Penelitian sepakat menyatakan bahwa faktor yang paling berpengaruh

pada perkembangan kolateral ialah luas infark dan keberadaan keluhan iskemia

sebelum terjadinya infark miokard akut. Namun pengetahuan saat ini menyisakan

kontroversi yang masih diperdebatkan mengenai peran iskemia dalam

perkembangan infark miokard. Sebuah hipotesis menyatakan bahwa iskemia

berperan dalam kolateralisasi arteri koroner. Hipotesis lain yang semakin diakui

iskemia berperan dalam preconditioning infark miokard.

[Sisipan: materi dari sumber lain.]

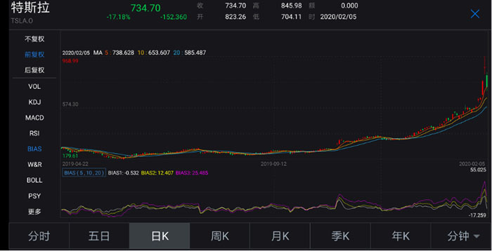 近日資本市場(chǎng)上的表現(xiàn),讓“特斯拉”與“瘋狂”兩個(gè)詞語(yǔ)常常同時(shí)出現(xiàn)。繼上一個(gè)交易日特斯拉日K線幾近收成銳利的“十字”,盤中股價(jià)一度逼近千美元之后,《中國(guó)經(jīng)營(yíng)報(bào)》記者注意到,美東時(shí)間2月5日,特斯拉未能延續(xù)“瘋狂”,股價(jià)低開(kāi)后跌至734.70美元/股,跌幅17.18%。
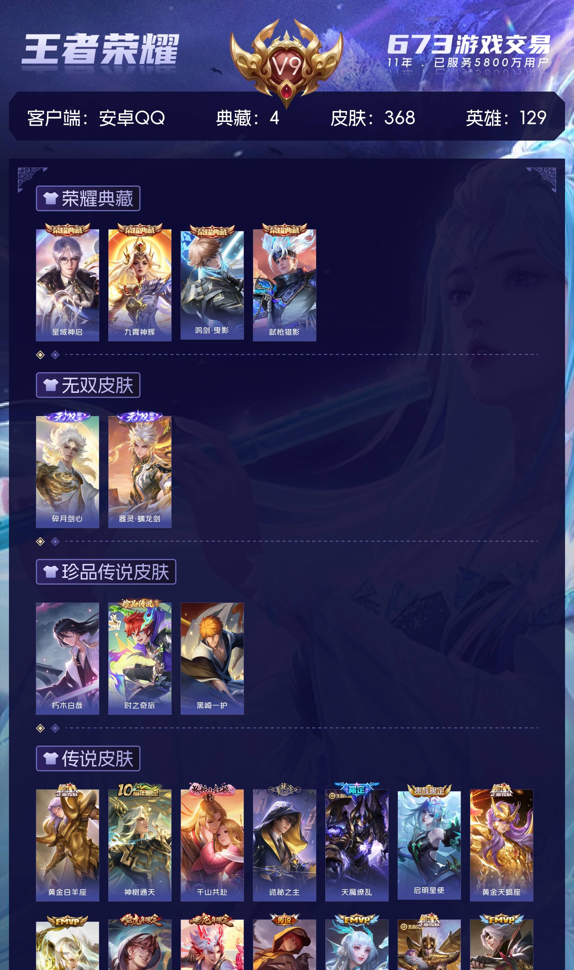 V9 皮肤368 英雄129 至尊星耀 荣耀典藏4 无双皮肤2 珍品传说3 星传说3 传说42
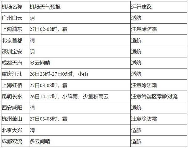 26日中午至27日中午,全國(guó)大部機(jī)場(chǎng)適航,27日凌晨至早間,哈爾濱、長(zhǎng)春、沈陽(yáng)、青島、南京、合肥、虹橋、浦東、杭州等機(jī)場(chǎng)有霜;另外,26日午后,云南中南部航路有分散對(duì)流。

Oleh karena itu penting untuk mengetahui hubungan antara kolateralisasi

arteri koroner dengan lama berlangsungnya keluhan iskemik pada infark miokard

akut.

2

Page 3: Draft Proposal Penelitian.docx

3

2.2 Rumusan Masalah

Prevalensi penyakit jantung koroner dan mortalitas akibat infark miokard

akut terus meningkat. Serangkaian penelitian menunjukan bahwa kolateralisasi

koroner berperan dalam proteksi dari dampak iskemia akibat oklusi koroner dan

keluhan iskemia sebelum infark berpengaruh terhadap kolateralisasi koroner.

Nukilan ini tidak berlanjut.